Got Stress? It May Be Adrenal Fatigue

What could be the root cause of the following symptoms?

  • Difficulty sleeping even when tired (“tired and wired”)
  • Waking up at 2 or 3 am and can’t go back to sleep
  • Difficulty waking up and feeling tired though you’ve slept 7-8 hours
  • Getting deep sleep at 1-2 hours before waking up in the morning
  • Feeling finally awake at 10 am though you got up at 7
  • Low thyroid function
  • Unresponsive thyroid function even with treatment of hypothyroidism
  • PMS (bloated, “crabbiness”, constipation, cramping and chocolate cravings)
  • Lack of libido, infertility
  • Increased perimenopause and menopausal signs and symptoms
  • Inability to lose weight even with regular exercise
  • Inability to gain muscle mass even with weight training
  • Chronic Fatigue Syndrome
  • Emotional irritability, instability, decreasing motivation and depression
  • Light-headed/dizzy when standing up from lying position or bending
  • Poor wound healing
  • Frequent colds, flu and infections
  • Decreased athletic performance
  • Lack of stamina
  • Increased likelihood of heart attack and decreased likelihood to survive a heart attack
  • General feeling of “unwellness”

It is adrenal gland dysfunction.  Maladaptation to stress is the key to this axis going out of whack.

The Stress Response

Hans Selye is the scientist credited with bringing the concept of stress to the forefront of public and scientific thought.   In his book, The Stress of Life, he covers what he called the General Adaptation Syndrome (GAS).  GAS is a useful model summarizing hormonal and physiologic interactions.  GAS has three stages:

  1. Alarm reaction – This is known as the fight or flight response.  This stage involves activation of our sympathetic nervous system to give us the ability for quick physical and emotional action in life threatening situations.  This also stimulates secretion of cortisol by the adrenal glands.
  2. Resistance – This stage involves our body adapting to stress by changing the set point of activation of the sympathetic nervous system and secretion of cortisol by the adrenal glands.
  3. Exhaustion – This stage involves the depletion of the adrenal glands ability to make cortisol and other key hormones.  In this stage many of the symptoms above will begin to occur.

Not all stress is harmful.  It is when our systems are overwhelmed by stress and then maladaptation occurs that is harmful.

What is Adrenal Fatigue and How Does It Occur?

Cortisol allows the body to respond to and recover from stress.  It is produced by the adrenal glands, specifically the adrenal cortex of the adrenal glands, which are activated in response to stress.

Maladaptation to stress occurs over time with either in an elevated set point of cortisol release, or in a depleted stage as the problem progresses where not enough cortisol is released.  The symptoms above are often seen at some stage of imbalanced cortisol output.  It may be after a relatively short period of multiple stressors (such as any combination of moving, getting married or divorced, death of a family member or close friend, loss of a child, and a major injury within a year).  It may be after many years of poor diet and lifestyle habits, surgery, and reliance on pharmaceuticals that lead to depressed cortisol output.

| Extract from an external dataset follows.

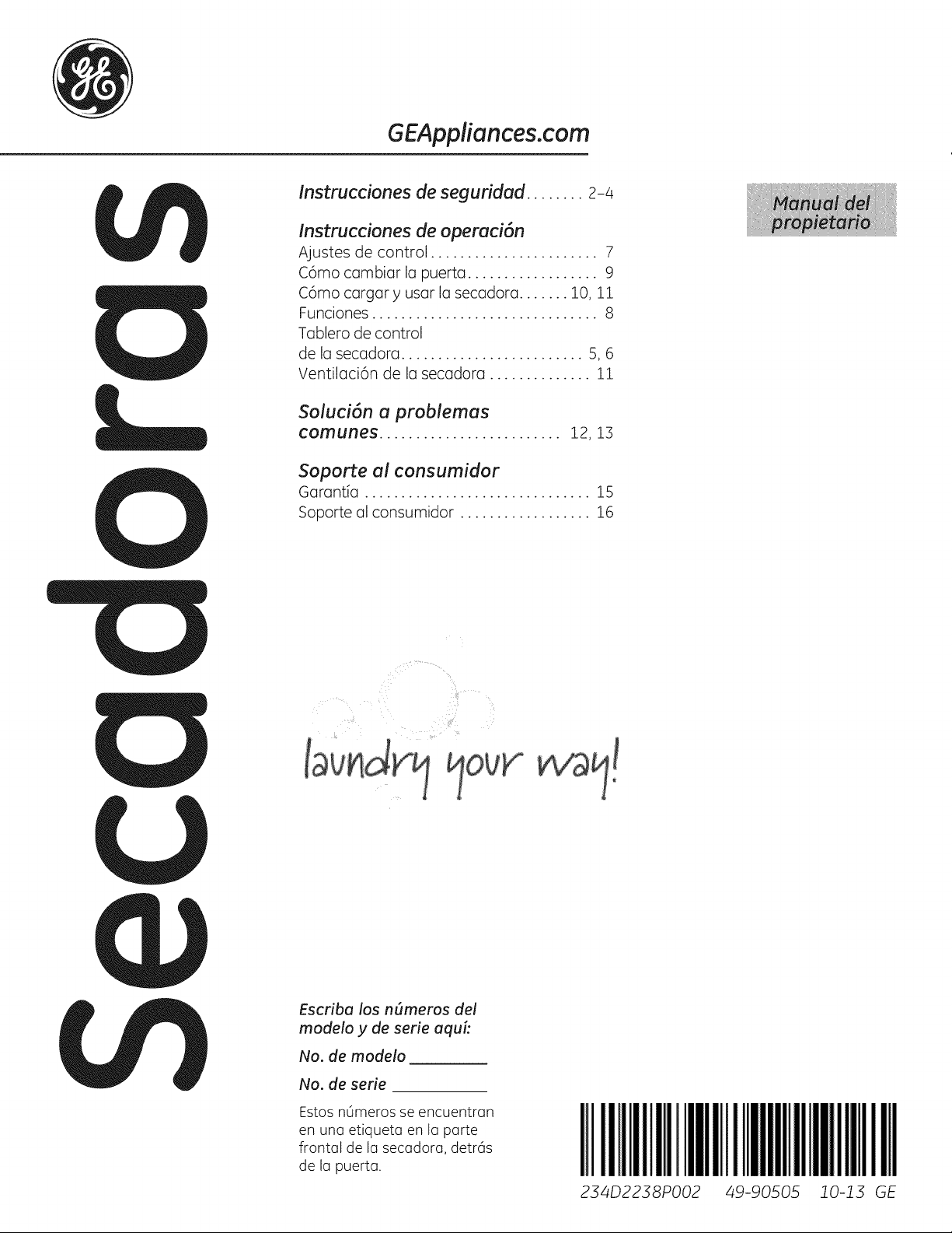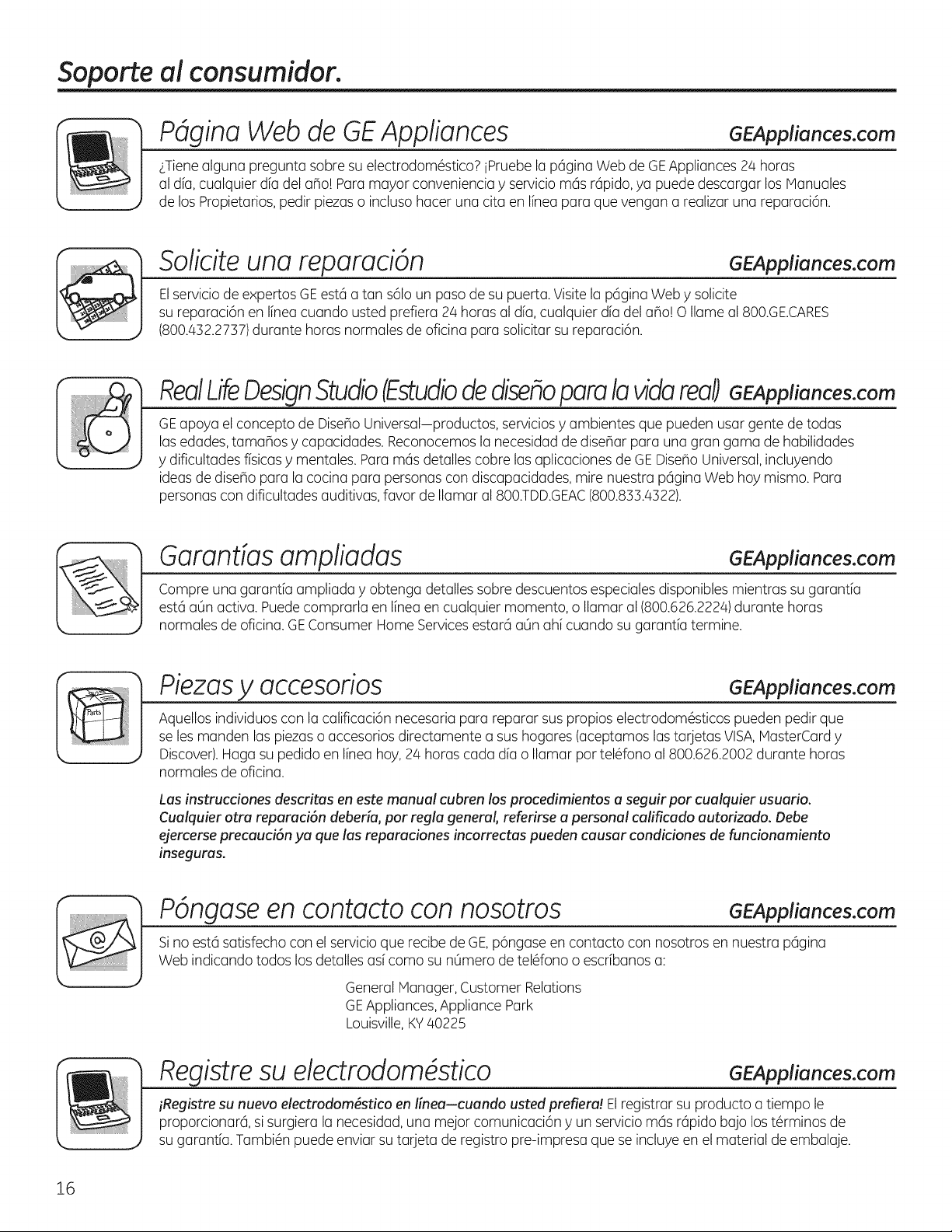 su reparaci6n en I[neacuando usted prefiera 24 horas al d[a, cualquier d[a del aho! O Ilame al 800.GE.CARES

When the adrenal glands get to a stage where they unable to make adequate cortisol to respond to normal stress of everyday life it is referred to as adrenal fatigue or adrenal exhaustion.  There are different levels of inadequate cortisol output once symptoms appear.  When complete shutdown of cortisol output occurs, this results in death.

Diagnosis of Adrenal Fatigue

Proper diagnosis includes a thorough medical history and examination and cortisol levels testing.  Cortisol can be measured in the blood, urine or saliva.  The most accurate method is through saliva.  This is controversial to many conventionally trained physicians, but research studies support that salivary testing is the most accurate method.

Morning cortisol levels should be at their highest after waking up, then it drops dramatically by noon followed by a gradual decrease until midnight.  Thus, it is best to take 4 saliva samples to determine your cortisol output.  I often see altered cortisol response which correlates very closely with each individual’s signs and symptoms.

The treatment for an elevated cortisol pattern is different from the treatment of adrenal exhaustion.  It is very important to determine your condition for the appropriate treatment.  The wrong treatment could result in harmful consequences, such as further suppressing cortisol output or inducing high blood pressure.  Only a doctor who is trained and experienced in resolving this disorder should be consulted for proper diagnosis and treatment.